Off to the International Anthony Burgess Museum for the Don’t Spy on Us fringe meeting on Privacy. The speakers were Ewan Macaskill of the Guardian, Carley Nyst of Privacy International, Claude Moraes MEP, Jim Killock of the ORG and chaired by Mike Harris of #dontspyonus. The first speaker was Ewan Macaskill who started by saying he’s glad they i.e. the spooks are there, but like me in fact, supposed that they were targeting maybe 5-15% of the population which would be say 400,000 people. What is shocking is the ambition, to spy on everyone who uses the internet. The fact they’re aiming at everyone, including lawyers and doctors is worrying to say the least.

As a journalist, he is also concerned about his rights to protect his sources, which while important, probably less so than the rights of the accused and their lawyers to maintain their privacy. Macaskill also raised the issue that he is trying to find out how much the spies have been paying the naughty nine and the UK telcos to perform work on behalf of the spies. I am more interested as to the activities performed as far as we know by the NSA in influencing hardware vendors in terms of adopting weaker encryption and/or inserting back doors into the network hardware we use to protect our digital communications. I am particularly interested if the US have suborned any European companies in this way.

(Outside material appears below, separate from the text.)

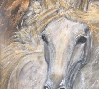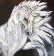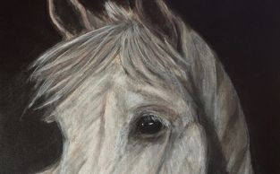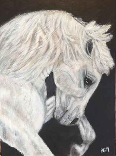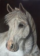 Intel is one of the smartest and most elegant Lipizzaners I've painted. So calm and knowing, he's alert as you can see from his ears, but never startled, curious but not wary, trusting in himself as much as his owner.

He was also the first to say, something which was repeated over the night, that without Snowden’s leaks we wouldn’t know. Parliament didn’t know, it’s intelligence committee didn’t know, and the Intelligence Commissioners didn’t know. There has been no effective political oversight, although the persistence with which the intelligence community kept asking for an extension of powers might have been considered a clue by some. Macaskill stated that the spies are lying to what limited oversight there is, certainly in the States where senior officials have apologised to Congress for their misleading answers. It should be remembered that the famous quote, “economical with the actualité”  also arose when Whitehall was trying to keep their skulduggery under wraps. If we want to go even further back in history, we come to Tam Dalyall’s pursuit of Thatcher and the location and route of the Argentine Cruiser, the General Belgrano. Minster’s lied to Parliament, they were grassed up a civil servant, Clive Ponting who was prosecuted under the Official Secrets Act, but let off by the jury after the Judge had directed a guilty verdict. Difficult things juries! One post trial event was the sight of the oh-so clever Enoch Powell arguing that civil servants must keep Minister’s parliamentary lies a secret. We have come on a bit since 1984, but in some ways not enough. Macaskill finished his set by stating that Snowden wanted to return to the USA, but only if he were to face a jury trial. At the moment the US are proposing to deny him one by charging him with espionage related charges.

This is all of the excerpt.